If you link your goals to activities that you can't get enough of, then burn-out is less of a problem. If you decide to equate the worth of your contributions with your degree of success in , because it's the culturally accepted standard (or even because it's the most effective tactic, all other things being equal), then you could end up both failing AND blaming yourself for it.
I've found that both trying to work and trying to relax (for the enjoyment of it or to recharge) both hurt. What helps is working on something else; doing so for other people is best, especially doing mildly unpleasant chores.
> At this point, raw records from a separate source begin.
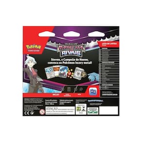 Box Pokémon Baralho Batalha de Rivais Steven Copag 60 Cartas Box Pokémon Baralho Batalha de Rivais Steven Copag 60 Cartas Devagar e sempre para vencer a batalha Metagross ex do Steven é muito mais que um Pokémon bom de briga com PS robusto e um ataque poderoso. A Habilidade Inicialização X permite que você acelere até duas Energias extras aos seus Pokémon a cada turno e, com isso, fortaleça vários atacantes diferentes ao longo do jogo. Marca: copag Linha: box Pokémon Modelo: Baralho Batalha de Rivais Steven Idade recomendada: A partir de 4 anos Conteúdo da embalagem: 1 Baralho com 60 cartas, pronto para jogar. 1 Conjunto de contadores de dano. 1 Moeda grande metalizada. 1 Carta codificada para jogar este baralho online. Dimensões da embalagem: 15 x 20 x 4 cm Altura x Largura x Comprimento Peso aproximadamente : 200g : 30 dias Homologação Inmetro: IP-BRI-2419/2021-01 Marca: Não Informado Ean: 7896192352507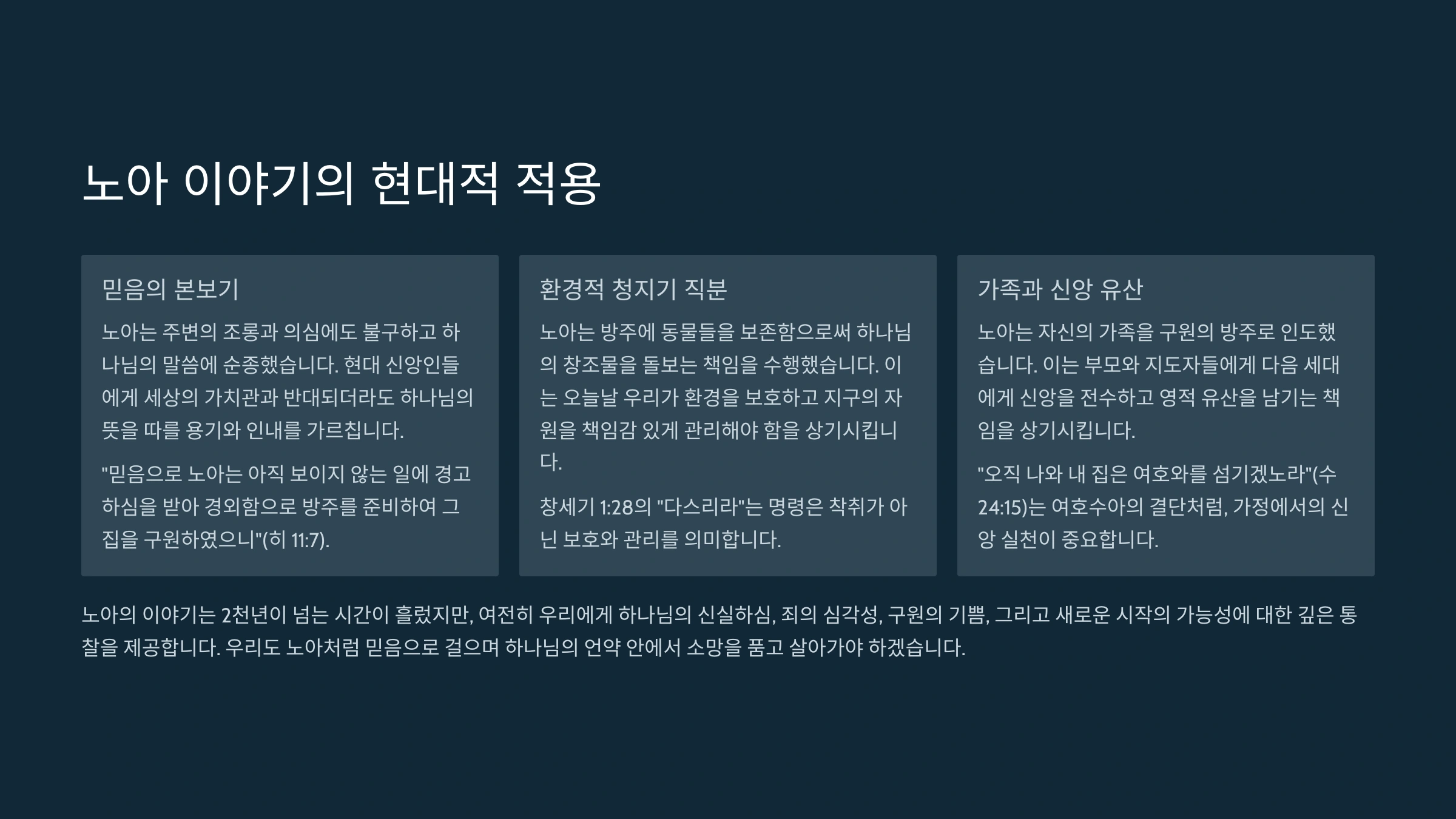 💡 다음 섹션에서는 오늘 우리 삶에 이 이야기를 어떻게 적용할 수 있을지, ‘노아처럼 사는 것’의 실제적인 의미와 도전, 그리고 2025년의 현실에 딱 맞는 현대적 메시지를 나눠볼게요. “계속”만 눌러주세요!
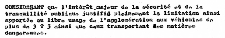Considérant que l'intérêt majeur de la sécurité et de la tranquillité publique justifie pleinement la limitation ainsi apportée au libre usage de l'agglomération aux véhicules de plus de 3.5 T ainsi que ceux transportant des matières dangereuses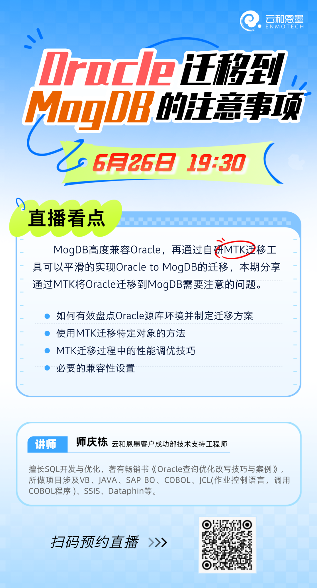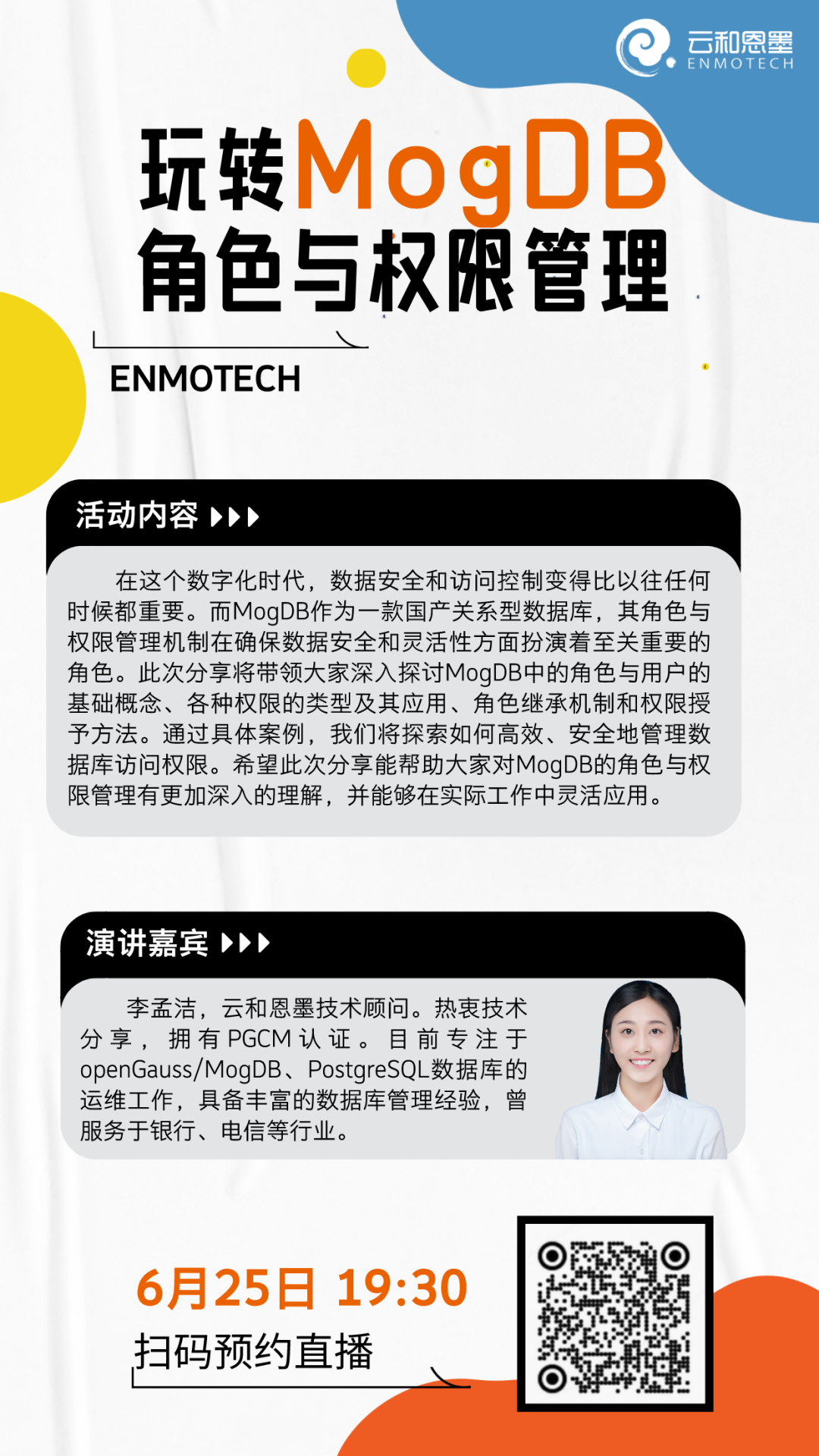 下周两场直播,讲述Oracle迁移至MogDB的注意事项及MogDB角色与权限管理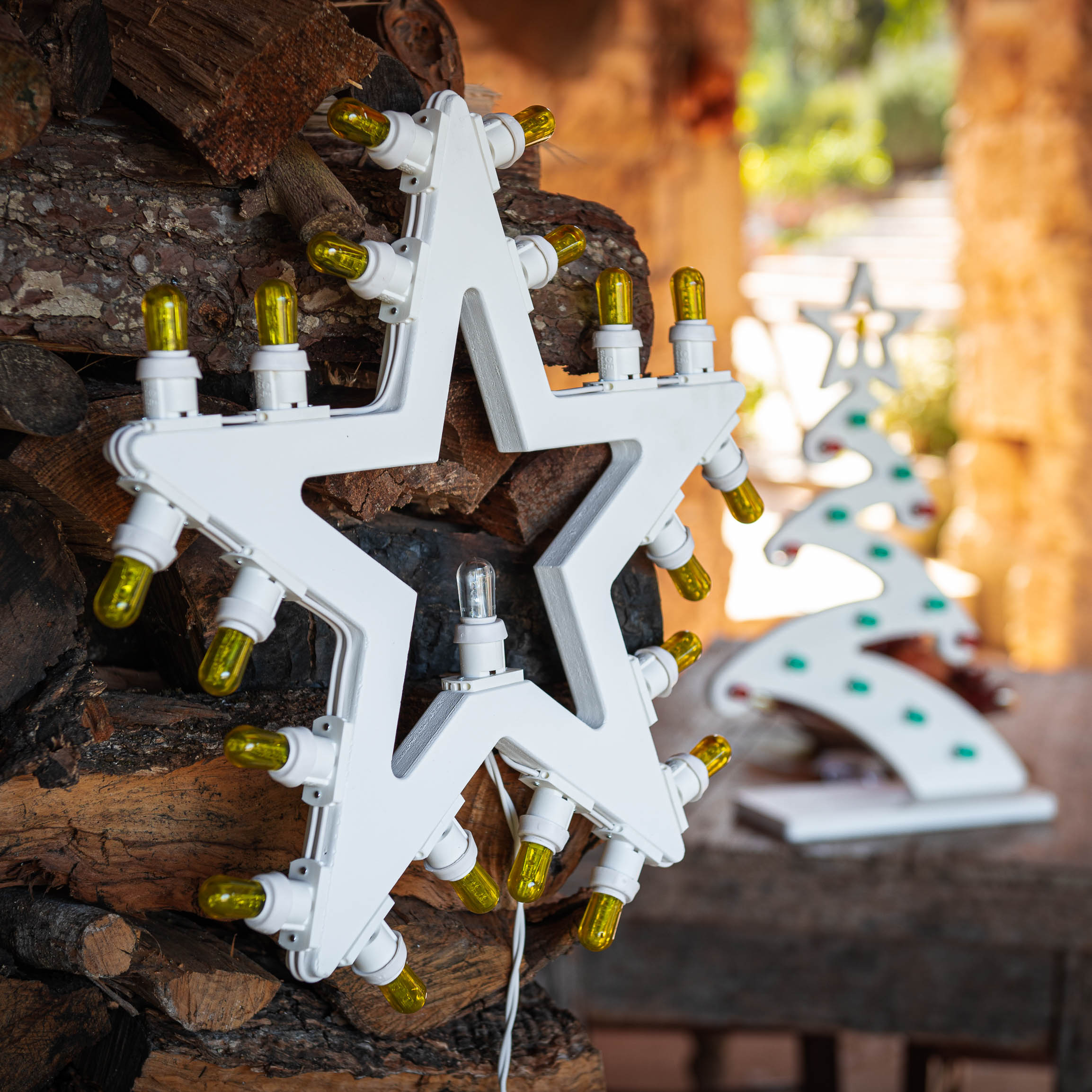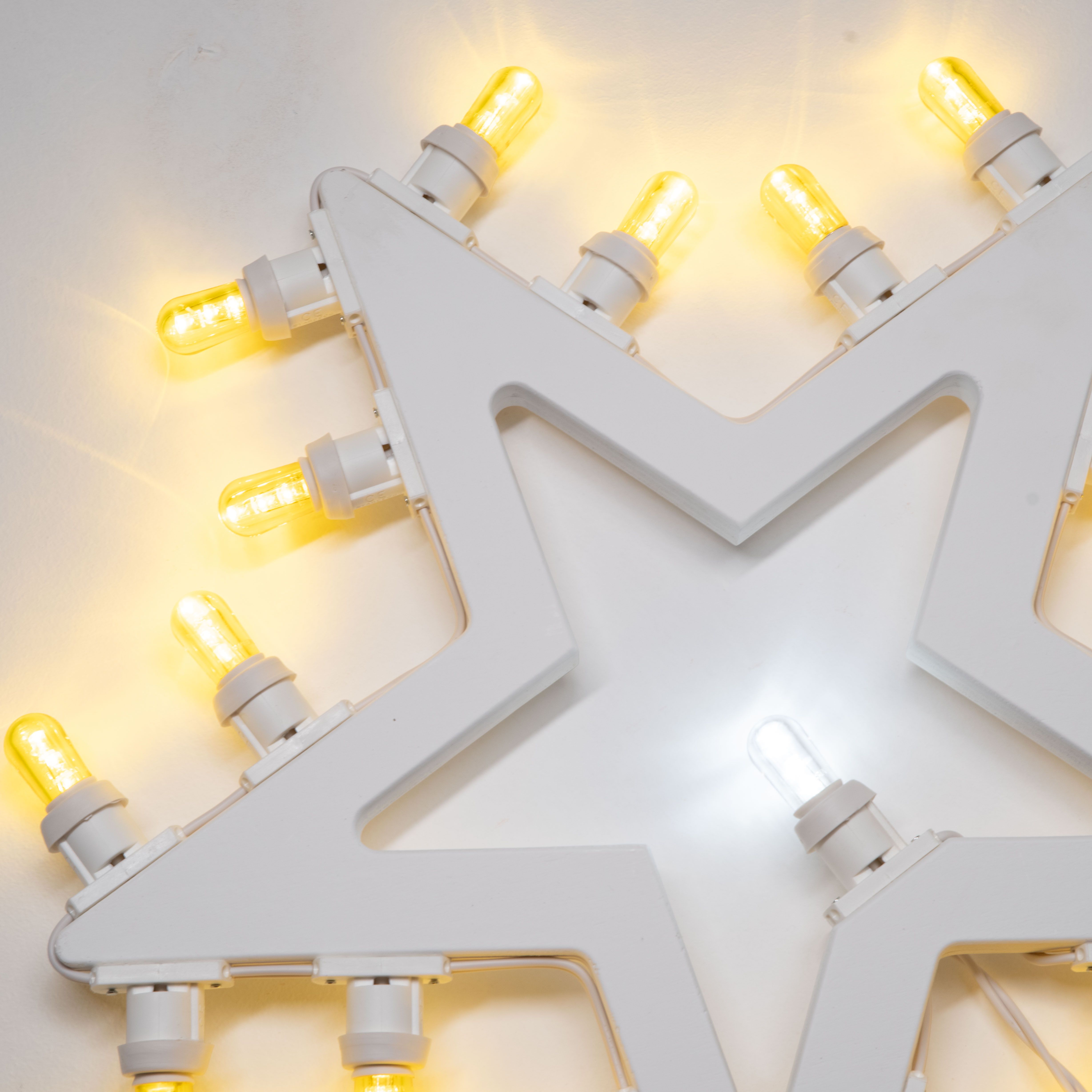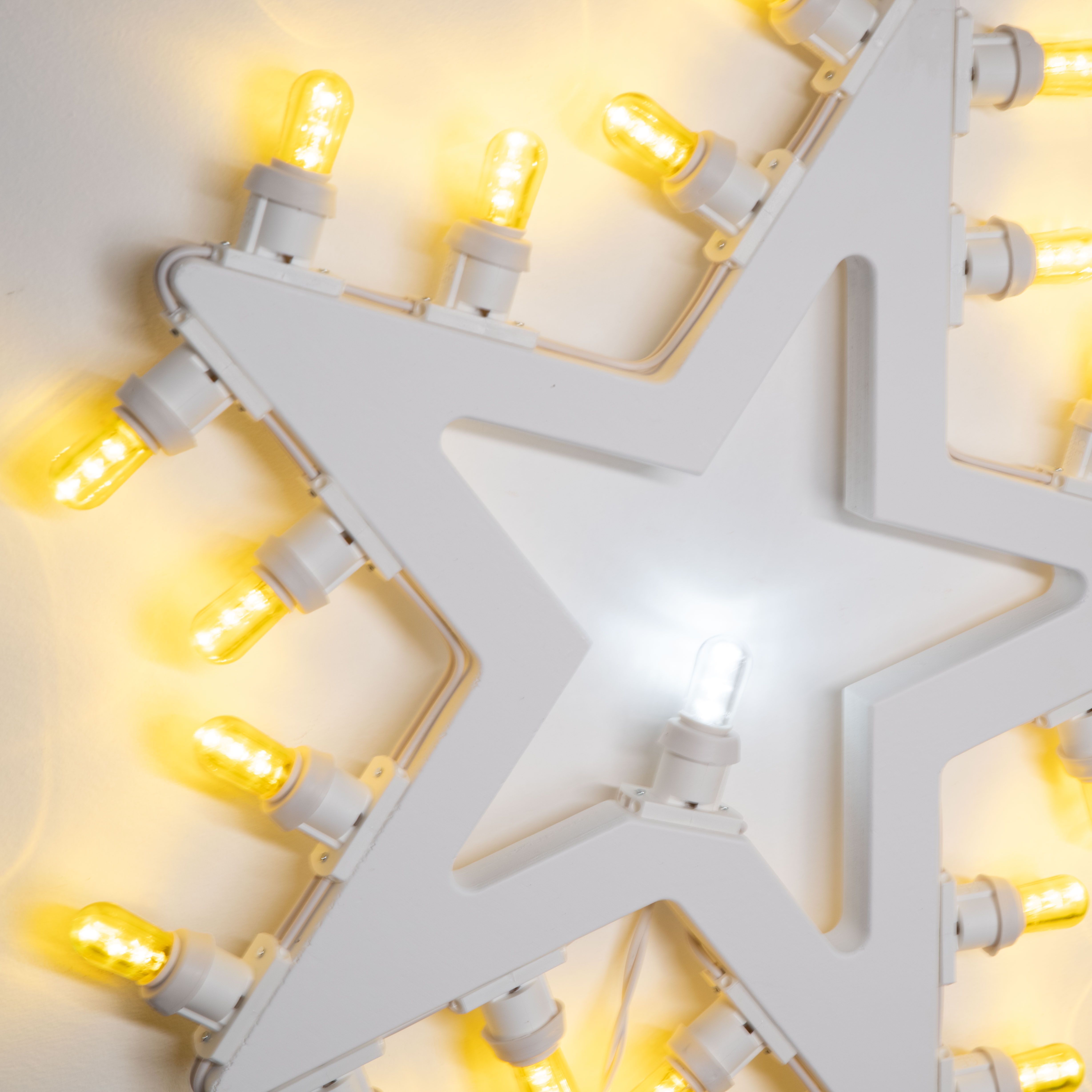 Si compone di 20 lampadine a led ecologiche gialle posizionate tutt’intorno la forma a stella, ed una bianca trasparente al centro.

http://www.psychologytoday.com/blog/real-healing/201107/stressed-out-maxed-out
"Burnout can have its roots in childhood. Studies show that children who were bullied, who experienced abuse or neglect, had a parent in prison, lived in a home where there was mental illness, violence, substance abuse or the loss of a parent through any cause were more prone to develop diseases such as emphysema, mental health problems, substance abuse and obesity. These childhood experiences can predispose to burnout and the associated health and psychological problems in adolescence and adulthood."
Not everyone has a traumatic childhood, but if you do or at least have something you need to get to the bottom of with yourself - do so. Problems probably rear their ugly heads in more ways than just burnout, so get to ridding yourself of them.
When I try to figure out how to balance personal happiness with saving the world, I think a lot about burnout. If I make a major change - e.g. changing careers - what are the chances I'll burn out and become a lot less useful as a result?
I've never burned out, so I don't know where that edge is for me (plus I suspect the edge moves around depending on circumstances). I'm obviously biased on the topic: there's the temptation to tell myself "This will prevent burnout and make me more effective in the long run" every time I want to do something.
Some things people here have described as causing burnout:
Going through the motions of a religion you don't believe in
Training yourself to feel guilty whenever you relax
Pursuing altruism too exclusively (That post suggests Bostrom's parliamentary model as an antidote).
Do you have more examples? Have you burned out? Are there things that you think have kept you from burning out?